# Agility seesaw ????



## goldenca (Jan 31, 2011)

My 4-year old golden has only been in AKC Jumpers w/Weaves...(she is up to the Excellent class) but
she has never done the contact side where there are teeters/seesaws.

She can do everything, except the seesaw and closed tunnel. I tried building a pvc teeter base with an 8 ft board...but she knows the difference between a "real competition one" and mine. (She won't go on mine.)

In agility lessons, she gladly offers to go up (about half way) on a real seesaw but then either jumps off, or I lure her with food as the board gets tipped down slowly. (sometimes she will lay down and creep down the board if someone else lowers it slowly, but she has NEVER tipped the board herself.)

We have practiced on a home-made wobble board...so she is fine with movement. (I think)

She used to do the teeter as a puppy but somehow got scared and I have been trying to fix her "fear" for quite a while. We are now progressing ...but I don't think she gets it -about the pivot point AND I don't want it to take her forever to get the teeter. It has already been 3 years trying.

Would getting a competition-type teeter that has adjustable heights and working everyday for a few minutes be a big benefit??? 

What company has a good teeter? (alum. plank with wet pour rubber) I am looking at the ones from Mark's Agility Equipment and Affordable Agility....but they cost a ton to ship to California. Where can you find used ones? I've already looked on Craigslist.

Any advice?


----------



## Maxs Mom (Mar 22, 2008)

I like Marks equipment he's real close to home too....

A good solid teeter is a good idea but in my dogs training I see a lot back off from the noise. We have a teeter in our back yard, dogs do it fine but the first time it bangs on solid surface whoa Nellie. I transition it. First I put the down side of the teeter on a chair back so the board only rests a few inches from the ground. I say my target command so my dog hopes on when it bangs, I treat. As the confidence grows I increase the inches from the ground but using the chair back, I don't exceed a foot. Once they are comfortable here I ask for a full teeter. Our back yard one is adjustable so it's not high. Where I trained my dogs as pups on a solid surface theirs was adjustable too. I also put a folded towel under the bang end to diffuse the noise. Once my dogs were confident and full height I took away the towel. They never seemed to notice. 

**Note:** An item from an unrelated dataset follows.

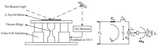 The structure of the 1-DOF FSM and the simplified physical model structure are illustrated in Figure 2. The mirror, driven by the actuator, reflects the beacon light into the target detector. The controller works to minimize the error between the position of the beacon light and the centroid of the target detector.

Goldens are notorious for teeter issues. Go way WAY back and re train for confidence. Go slowly. My girl is over confident and she once raced a teeter instead of turning away like I wanted (she was very early in her career) she FLEW off when it hit and I could not get her back on that day. Fortunately she would mount the one in my back yard and I did a lot of cookies. I was lucky she came back in just a couple weeks but she is an over confident type. Teeters are scary. Go slow. 

Good Luck


----------



## mylissyk (Feb 25, 2007)

Don't be afraid to give her a big jackpot of treats when she goes all the way across and then tips the teeter down. Be ridiculous with it, lots of praise and over load on treats. It's ok to put a trail of treats down the board.


----------



## ellisda1 (Jul 24, 2013)

From your description, it sounds like she's afraid of the tip, not the bang. If so I agree with Maxs Mom - back way off - and use the adjustable teeter. If you can get her to walk the teeter when it's flat, you should be able to increase the tilt by a couple of inches and she won't notice it. Lots of reps, lots of treats, tiny increases in height is the way to go. I'm lucky - Luna is very bold, and loud bangs don't upset She learned the teeter in a couple of attempts and I have to make sure she slows down a bit when she enters/leaves the teeter.


----------



## goldenca (Jan 31, 2011)

ellisda1 said:


> From your description, it sounds like she's afraid of the tip, not the bang. If so I agree with Maxs Mom - back way off - and use the adjustable teeter. If you can get her to walk the teeter when it's flat, you should be able to increase the tilt by a couple of inches and she won't notice it. Lots of reps, lots of treats, tiny increases in height is the way to go. I'm lucky - Luna is very bold, and loud bangs don't upset She learned the teeter in a couple of attempts and I have to make sure she slows down a bit when she enters/leaves the teeter.


YES! I think she is afraid of the tip. We will try to get hold of an adjustable teeter and start working. She is too smart, she knows what she is supposed to do, but still is hesitant to do the teeter all by herself.


----------



## goldenca (Jan 31, 2011)

Someone from my agility group asked if my homemade plank was 2 inches thick.....it is only 1 inch......I think that is why she won't go up my home made teeter board....it has too much flex in it.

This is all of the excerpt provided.